Мендесу слышится нечто странное в его голосе. «Возможно ли, чтобы этот человек плакал?» – спрашивает он себя. Да. Сдавленные рыдания прерывают речь Мани. «Минуту назад едва не отправил меня к праотцам, а теперь рыдает на моем плече», – не без улыбки думает Мендес, и отвечает ему:
– Предоставь дело времени, Мани. Найди реальное решение проблемы. Розы и акты отчаяния тут не помогут.
– Каково же решение?
– В три действия, и мы уже об этом говорили. Первое: ликвидируй распрю с Барраганами. Второе: купи себеимя и положение в обществе. Третье: отмой все свои деньги и вложи их в легальную торговлю и собственность.
– Я уж не первый год этим занимаюсь, да оно ведь непросто.
– Сейчас представляется исключительный случай. Национальный Банк собирается открыть, что называется, «левое окошко»: будут принимать доллары, сколько ни принесут, не спрашивая ни фамилии, ни их происхождения, ни документов, ничего. Единственное условие: менять только по тысяче на человека. Пошли сто человек, и в один день отмоешь сто тысяч.
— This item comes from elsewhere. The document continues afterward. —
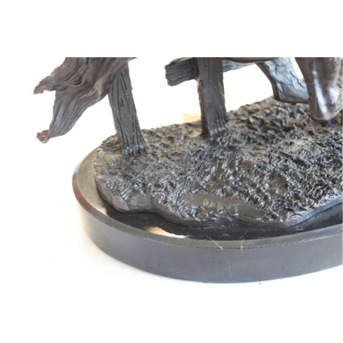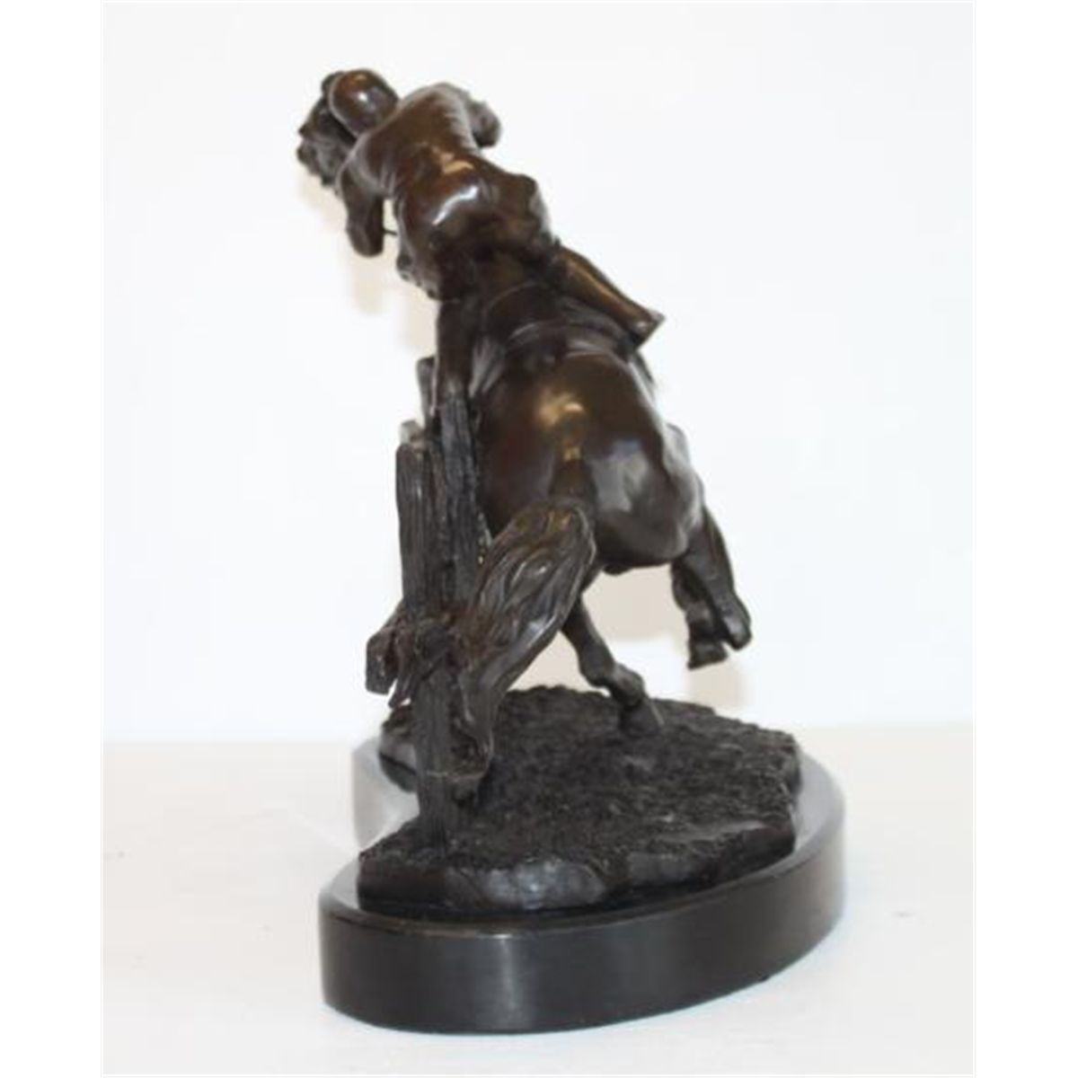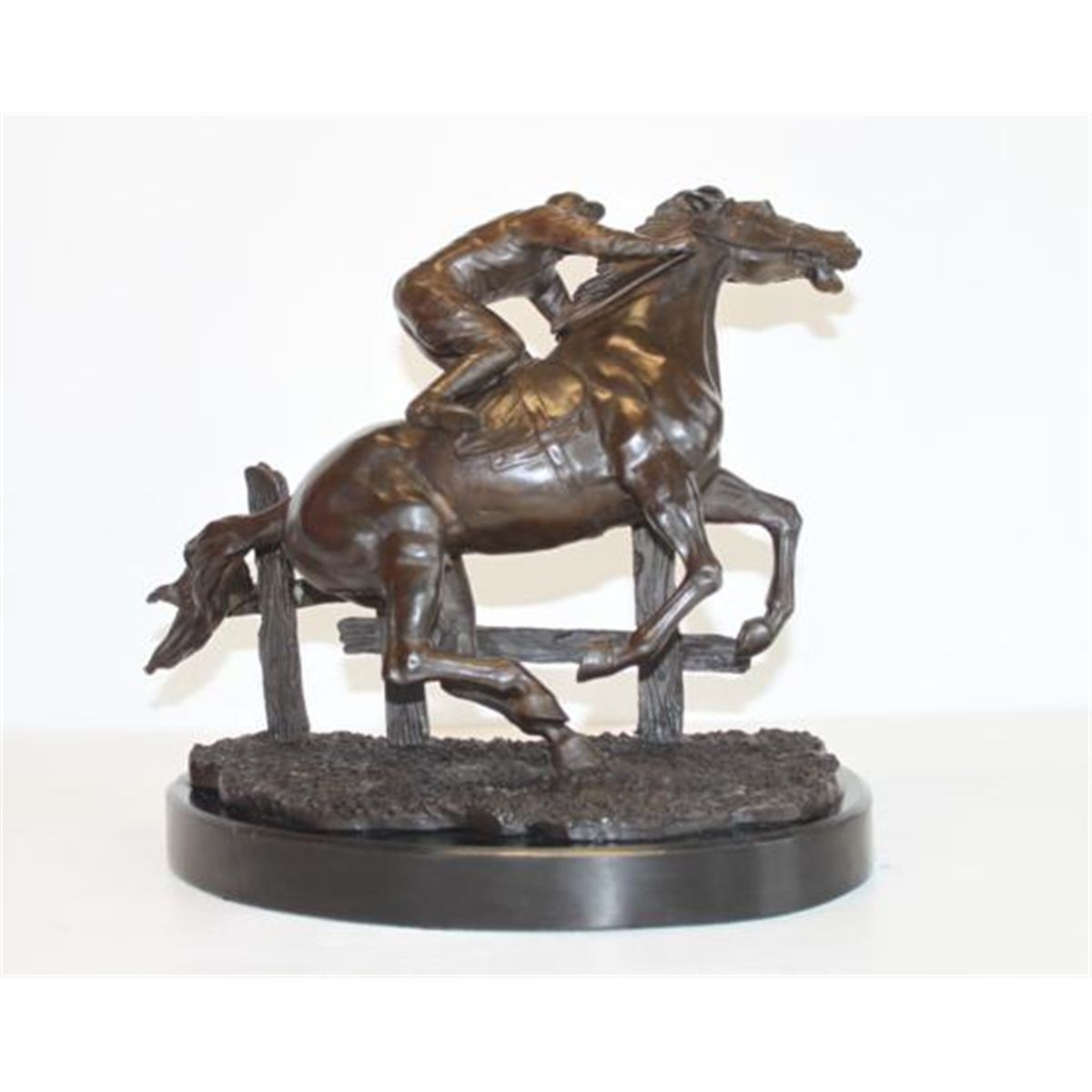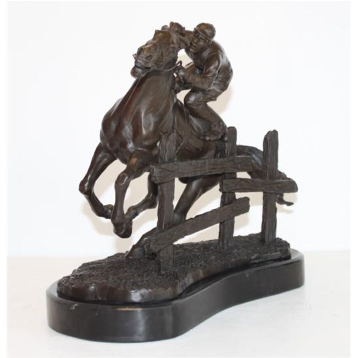 Steeplechase Bronze Sculpture, After Debvt, 13"H x 11"L x 7"D 23 lbs. This bronze sculpture was produced using the "Lost Wax" casting method. The"Lost Wax" Cast method is the most precise metal casting technique in existence, ensuring exquisite detail of the original host model which is usually sculpted in clay or wax. This "Lost Wax" casting method is an extremely labor intensive and expensive process, but the end results produce a Heirloom Quality Masterpiece!

– Вы мне поможете, доктор? С тремя действиями, я хочу сказать? – в голосе Мани – благодарность, раскаяние, едва ли не раболепство перед человеком, которого он чуть не убил и которого теперь признает единственным связующим звеном между собой и своей женой.
– Надо думать.
Адвокат Мендес встает, оправляет пиджак, мягко проводит рукой по волосам, как будто лаская свою чудом уцелевшую голову, и собирается уходить.
– Погодите, доктор, – останавливает его Мани. – Я в долгу перед вами.
– Забудь, – отвечает адвокат.
– Я хочу чем-нибудь отплатить за вашу любезность, – настаивает Мани. – Скажите, кто ваши враги.
Адвокату Мендесу понятна его фраза: это старая формула благодарности, принятая среди людей пустыни, она равносильна словам: «Твои враги – мои враги».
– Они не стоят того, чтобы ты их убил, – отвечает он с искренней улыбкой, и сердечно прощается с Мани.
* * *
– Мани Монсальве тоже мучился мыслью, что он обманул Нандо Баррагана своим телефонным звонком?
– Отчасти, но не так, как Нандо. Они были разные. Нандо был человек принципов, Мани – реалист. Нандо был неисправимый мечтатель, Мани – прагматик, чьей единственной мечтой была Алина Жерико. Нандо был сын пустыни, Мани покинул ее слишком юным, и песок барханов не успел набиться ему в нос и осесть в сознании.
* * *
Нандо Барраган проводит часы взаперти в своем кабинете, предаваясь незнакомым ему прежде занятиям. Он посвятил себя анализу, чтению и размышлению, стремясь объяснить необъяснимое. Он не моется и пахнет, как тигр в клетке, не теряет время с женщинами, не ест и не пьет, он поддерживает в себе жизнь черным кофе и сигаретами «Индианка». Он также забросил и денежные дела. Секреты торговли сошли в могилу вместе с Нарсисо, и Нандо нимало не заботит, как их оттуда извлечь, – когда есть нужда в наличной монете, он просит содействия у Каравакского Креста. О своей жене, Ане Сантана, он забыл начисто.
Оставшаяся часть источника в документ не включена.